After the call is initiated, RASTER 604 establishes a video link
between third user device 608 and first user device 602. RASTER 604
may be similar to RASTER system 500 of FIG. 5 and the same
description applies. RASTER 604 may then create a first identifier
and a second identifier. The first and second identifiers herein
may be similar to the first and second identifiers described in
FIG. 5, and the same description applies. The first and identifiers
may be stored on memory of RASTER 604.
[0062] During the telephone call, second user device 606 sends
first audio data using PSTN 604B. After receiving the first audio
data, RASTER 604 may generate second audio data by duplicating the
first audio data.
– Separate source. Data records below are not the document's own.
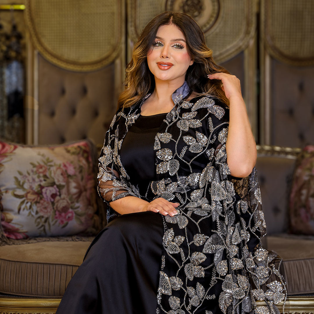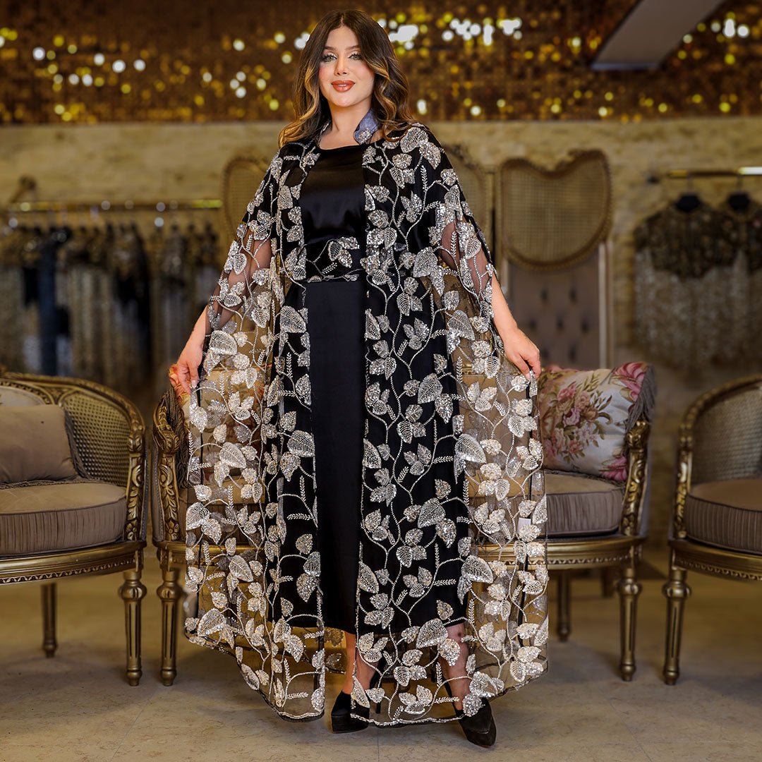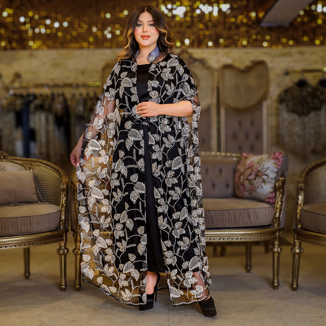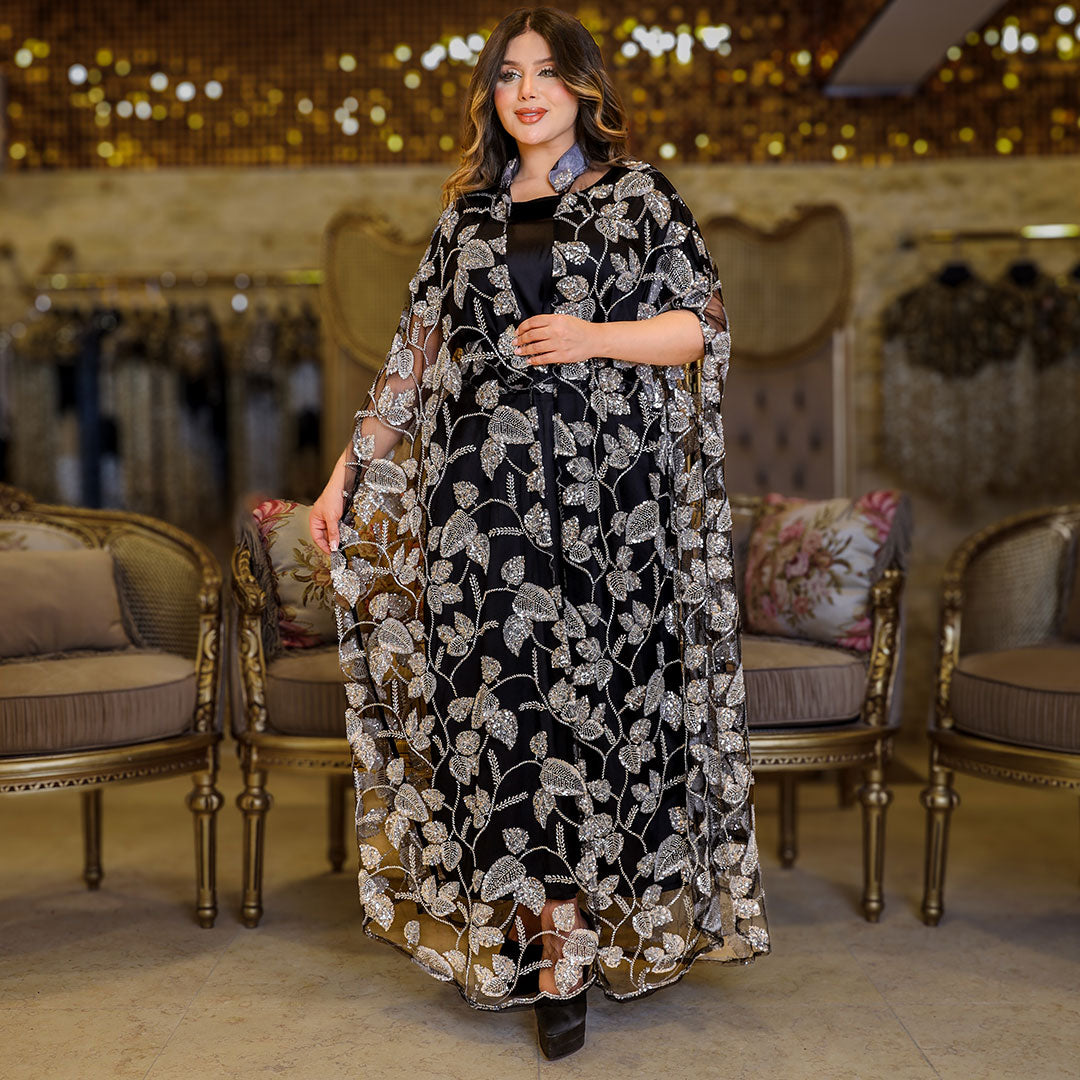 قفطان كاب أورجانزا تطريز كامل قطعتين مع بيزك حرير ستان أرماني و حزام.
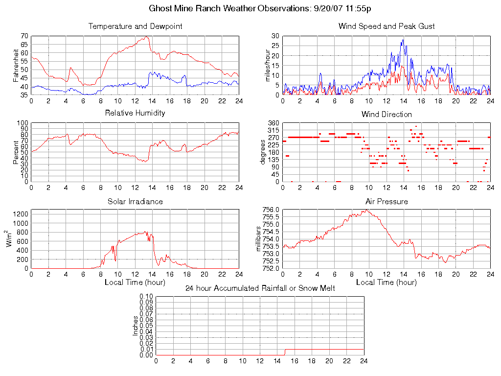 Temperature (F) 46.2 40.6 @ 06:00 69.8 @ 13:15 53.7
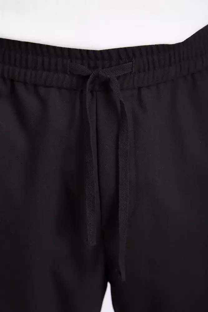 JOGGER DE VESTIR CONFECCIONADO EN TEXTIL COMPOSICIÓN: 64% POLIESTER - 33% VISCOSA - 3% ELASTANO. CON DETALLE DE PLANCHADO CENTRAL, CINTURA ELÁSTICA Y REGULABLE CON CORDÓN. BOLSILLOS LATERALES DELANTEROS Y BOLSILLOS OJAL EN ESPALDA. AVIOS PERSONALIZADOS Y ETIQUETAS TEJIDAS.
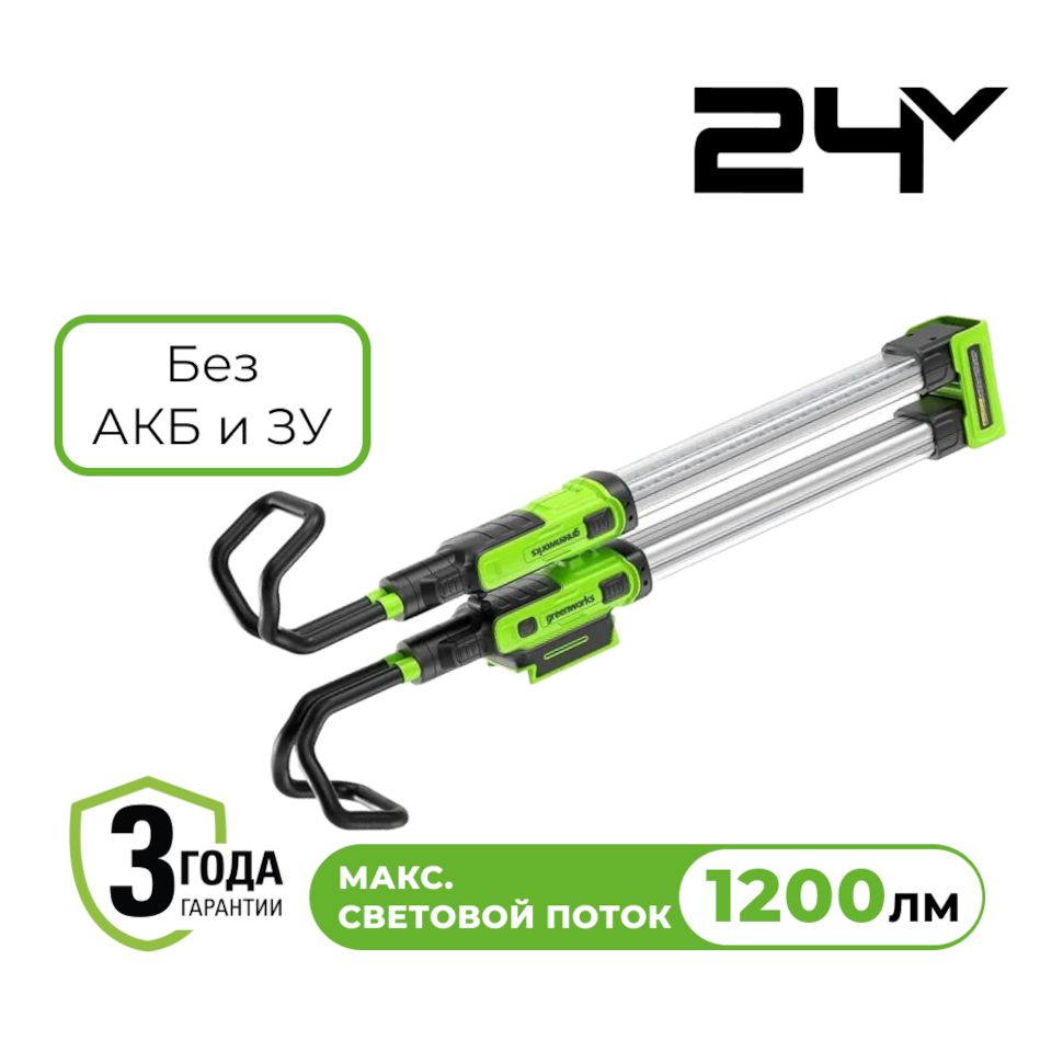 1. Универсальная совместимость - используйте одну батарею для всего арсенала инструментов Greenworks 24V. Прожектор поставляется без АКБ и ЗУ, что выгодно, если у вас уже есть аккумуляторы этой системы.
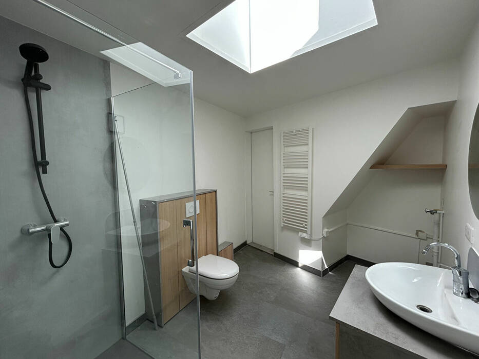 Cet appartement refait à neuf se compose de la manière suivante : une entrée avec placard, un séjour, une cuisine équipée, une chambre, une salle de douche avec un WC et un grenier aménagé avec accès depuis l'appartement.
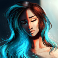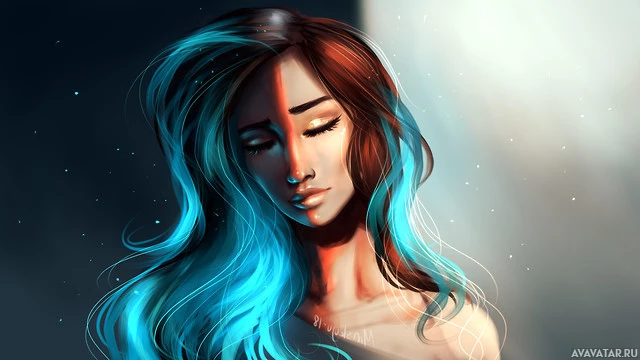 На картинке изображена стилизованная иллюстрация молодой женщины с закрытыми глазами. У нее длинные синие волосы, и ее выражение - созерцание или мечта. Фон предполагает внутреннюю обстановку с теплым, мягким освещением.

After duplicating the first audio data, in some
embodiments, the first audio data may be transmitted to first user
device 602 using SIP or RTP 604A. In some embodiments, RASTER 604
may then translate the second audio data into first text data.
RASTER 604, in some embodiments, may generate second text data by
duplicating the first text data. The first text data, in some
embodiments may be transmitted to first user device 602 using real
time text functionality 604C. The second text data, in some
embodiments, may be stored in the location identified by the first
and second identifiers.
[0063] In some embodiments, once the first identifier is
transmitted to first user device 602, the first identifier may be
transmitted from first user device 602 to second user device 606.
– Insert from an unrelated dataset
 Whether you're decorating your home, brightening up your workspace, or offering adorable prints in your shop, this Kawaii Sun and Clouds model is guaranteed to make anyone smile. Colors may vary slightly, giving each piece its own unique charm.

Using the first identifier, second user device 606 may access text
representing the first audio. Once second user device 606 has
access, second user device 606 may monitor the speech to text
translation of audio in real time. If there is an error in the
speech to text translation, second user device 606 may transmit
edits in real time. The edited text may then be transmitted to
first user device 602 using real time text functionality 604C. In
some embodiments, the first identifier is also sent to second user
device 606.
[0064] During the telephone call, third user device 608 sends third
audio data 604D to RASTER 604. After receiving the third audio
data, RASTER 604 may generate fourth audio data by duplicating the
third audio data. After duplicating the third audio data, in some
embodiments, the third audio data may be transmitted to first user
device 602 using SIP or RTP 604A. In some embodiments, RASTER 604
may then translate the fourth audio data into third text data.
RASTER 604, in some embodiments, may generate fourth text data by
duplicating the third text data. The third text data, in some
embodiments may be transmitted to first user device 602 using real
time text functionality 604C. The fourth text data, in some
embodiments, may be stored in the location identified by the first
and second identifiers.
[0065] In some embodiments, the second identifier is transmitted to
third user device 608. Using the second identifier, third user
device 608 may access text representing the third audio. Once third
user device 608 has access, third user device 608 may monitor the
speech to text translation of audio in real time. If there is an
error in the speech to text translation, the third user device 608
may transmit edits in real time. The edited text may then be
transmitted to first user device 602 using real time text
functionality 604C. In some embodiments, the second identifier is
also sent to second user device 606. Second user device 606 may
also edit text representing audio from third user device 608.
[0066] In some embodiments, the RASTER system may be utilized with
only one user device. For example, if a professor is teaching a
class and wants to edit the text of his or her speech displayed to
the students, the professor may use the RASTER system to edit text
displayed to his or her students. The RASTER system in this
embodiment may be similar to the RASTER systems described in FIGS.
2-6 and the same description applies.
[0067] FIG. 7A is an illustrative flowchart of process 700A for
providing remote automated edited speech to text in real time.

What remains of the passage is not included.